___ SUPPLIED MATERIAL ___

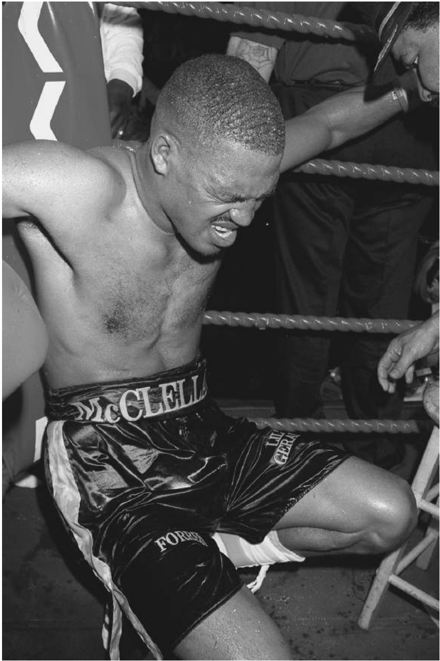
Figure 4.1 Broken body: Gerald McClellan in Benn versus McClellan, 1995
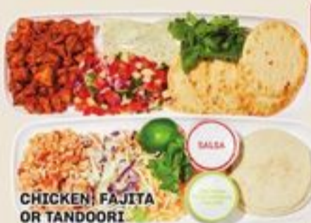
CHICKEN, FAJITA OR TANDOORI TACO TRAYS SELECTED VARIETIES 1-1.1 KG PLATEAUX DE TACOS AU POULET, FAJITA OU TANDOORI 21395977_EA/21595419_EA

Great to go items plus applicable taxes.
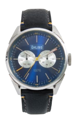
ÖHLINS WATCH 40 YEARS Part No: 00098-01 Size: ONE SIZE

___

ACTIVITY: Reprint all the data above verbatim, excluding pictures.

RESPONSE TO THIS TASK:
Figure 4.1 Broken body: Gerald McClellan in Benn versus McClellan, 1995
CHICKEN, FAJITA OR TANDOORI TACO TRAYS SELECTED VARIETIES 1-1.1 KG PLATEAUX DE TACOS AU POULET, FAJITA OU TANDOORI 21395977_EA/21595419_EA

Great to go items plus applicable taxes.
ÖHLINS WATCH 40 YEARS Part No: 00098-01 Size: ONE SIZE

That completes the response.